Xi Yang, Jun Pang, Fei Teng, Ruixin Gong, and Cecilia Springer. 2021. “The environmental co-benefit and economic impact of China’s low-carbon pathways: Evidence from linking bottom-up and top-down models.” Renewable and Sustainable Energy Reviews, 136, February 2021, Pp. 110438. Publisher's VersionAbstract
Deep decarbonization pathways (DDPs) can be cost-effective for carbon mitigation, but they also have environmental co-benefits and economic impacts that cannot be ignored. Despite many empirical studies on the co-benefits of NDCs at the national or sectoral level, there is lack of integrated assessment on DDPs for their energy, economic, and environmental impact. This is due to the limitations of bottom-up and top-down models when used alone. This paper aims to fill this gap and link the bottom-up MAPLE model with a top-down CGE model to evaluate China's DDPs' comprehensive impacts.

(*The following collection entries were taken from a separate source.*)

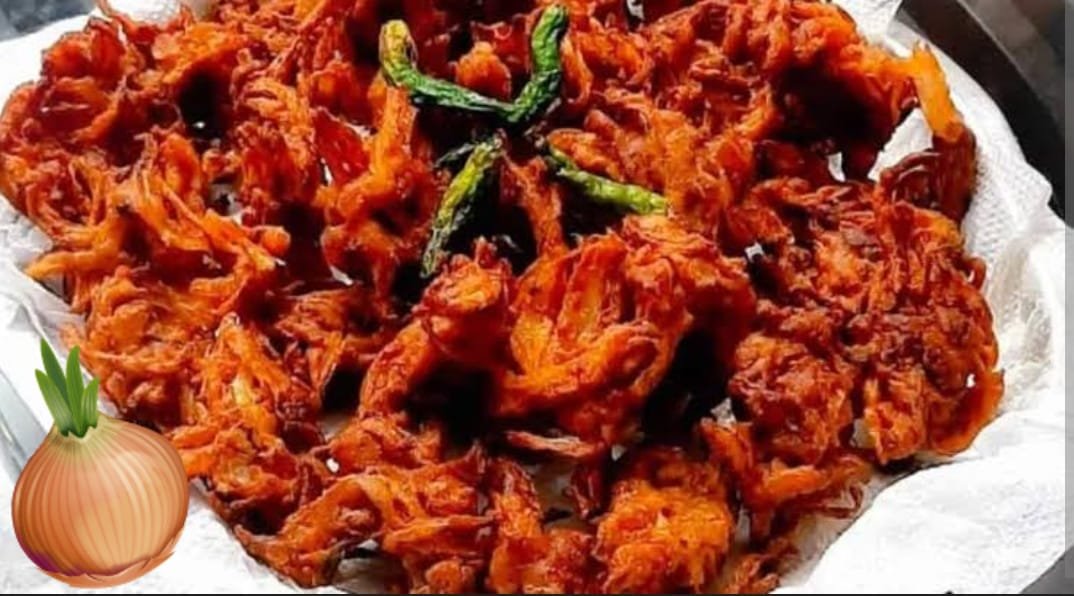 मस्त गरम झालेल्या अशा तेलात भजी पसरून सोडावीत. त्यामुळे ती सुटीसुटी, लांब लांब कांदा असल्यामुळे लांबट, कुरकुरीत बनतात. ही मस्त लालसर रंगावर तळून तारेच्या मोठ्या खोलगट झाऱ्याने पूर्ण तेल निथळून तारेच्या पसरट चाळणीत काढावीत आणि गरम गरम भजी सर्व्ह करावीत.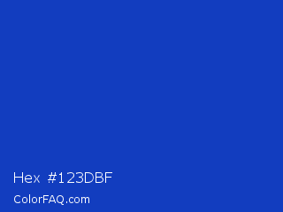 Hex #123dbf Color is a normal blue color and the nearest color is Persian Blue #1c39bb. Hex code #123dbf and RGB value is rgb(18,61,191). In RGB color space, this color is composed of 7% red, 24% green, 75% blue, In CMYK color space, this color is composed of 91% cyan, 68% magenta, 0% yellow , 25% black , In HSL color space, this color has a hue angle of 225° , 83% saturation and 41% lightness.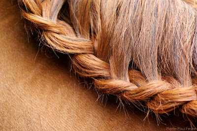 | Dire merci | zaza moi c'est le genre de tresse qui ne tient pas pour un concours ... La seule façon que j'ai trouvé pour que ça tienne pour le paddock et la reprise, c'est de faire cette tresse mais très serrée et surtout à la base des crins sur toute la longueur. Il faut du temps pour arriver à la faire très serrée ... il faut prévoir des "entrainements" de tressage à la maison avant le jour J. |
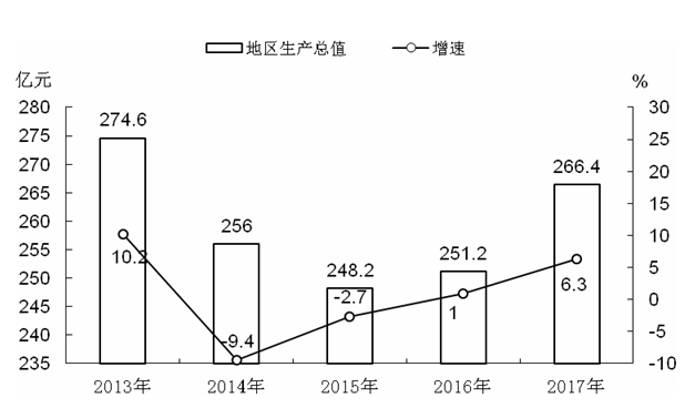 图1 2013-2017年全市地区生产总值及其增长速度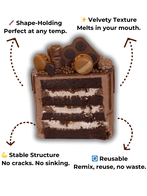 A simple and quick frosting and coating method guarantees a stable, long-lasting cake that you can easily transport or store without worrying about distortion or cracks.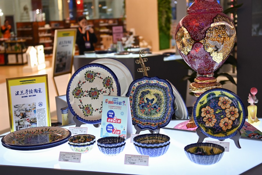 An enterprise delegate displays goods from Poland at the China-Central &Eastern European Countries (CEEC) Expo in Ningbo, east China's Zhejiang Province, May 16, 2023. (Xinhua/Huang Zongzhi)
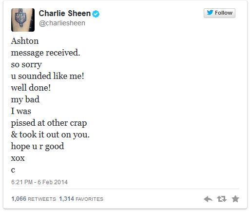 «Έλαβα το μήνυμά σου Ashton. Πραγματικά Συγνώμη. Ακουγόσουν σαν εμένα! Μπράβο! Δικό μου το λάθος. Ήμουνα εκνευρισμένος με άλλα πράγματα και ξέσπασα σε’ σένα. Ελπίζω να είσαι καλά.Αλλά μια καινούργια σκέψη. Μάγκα, την επόμενη φορά που θα μου πεις να σκάσω, θα σε βάλω σε κλινική για δίαιτα για έναν χρόνο #Το έπιασες μικρέ;».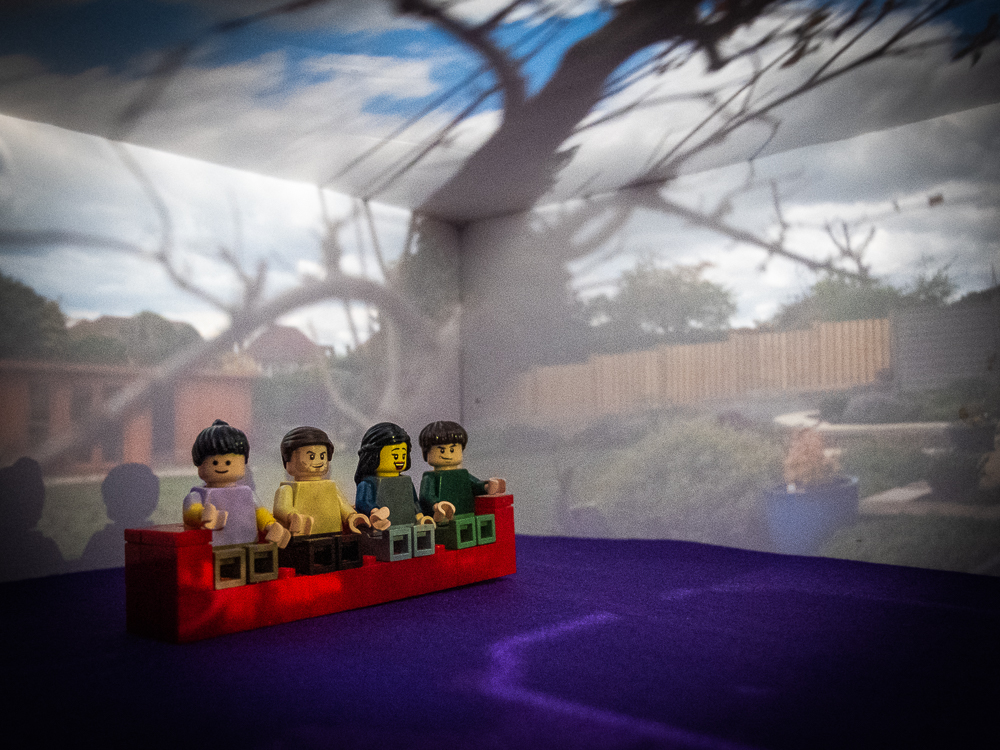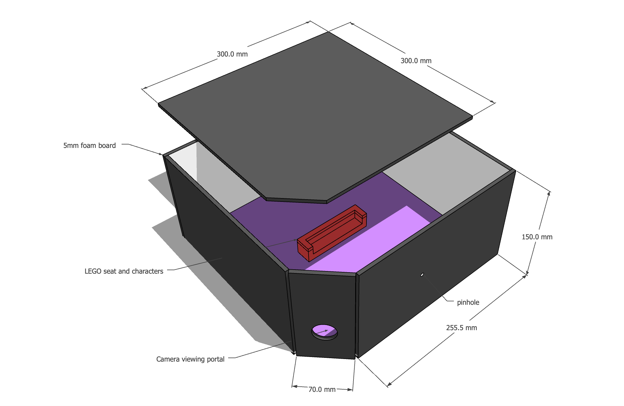 The LEGO figures were attached to the floor of the box with double sided tape. In a camera obscura, the projected image is flipped horizontally and vertically. So I turned the box upside down, with the figures suspended from the ceiling - that way, the projection on the walls was the right way up.

First, results show that carbon dioxide emissions can be observed to peak in or before 2030, and non-fossil energy consumption in 2030 is around 27%, which is well above the NDC target of 20%. Second, significant environmental co-benefits can be expected: 7.1 million tons of SO2, 3.96 million tons of NOx, and 1.02 million tons of PM2.5 will be reduced in the DDP scenario compared to the reference scenario. The health co-benefits demonstrated with the model-linking approach is around 678 billion RMB, and we observe that the linked model results are more in accordance with the conclusions of existing studies. Third, after linking, we find the real GDP loss from deep decarbonization is reduced from 0.92% to 0.54% in 2030. If the environmental co-benefits are considered, the GDP loss is further offset by 0.39%. The primary innovation of this study is to give a full picture of DDPs' impact, considering both environmental co-benefits and economic losses. We aim to provide positive evidence that developing countries can achieve targets higher than stated in the NDCs through DDP efforts, which will have clear environmental co-benefits to offset the economic losses.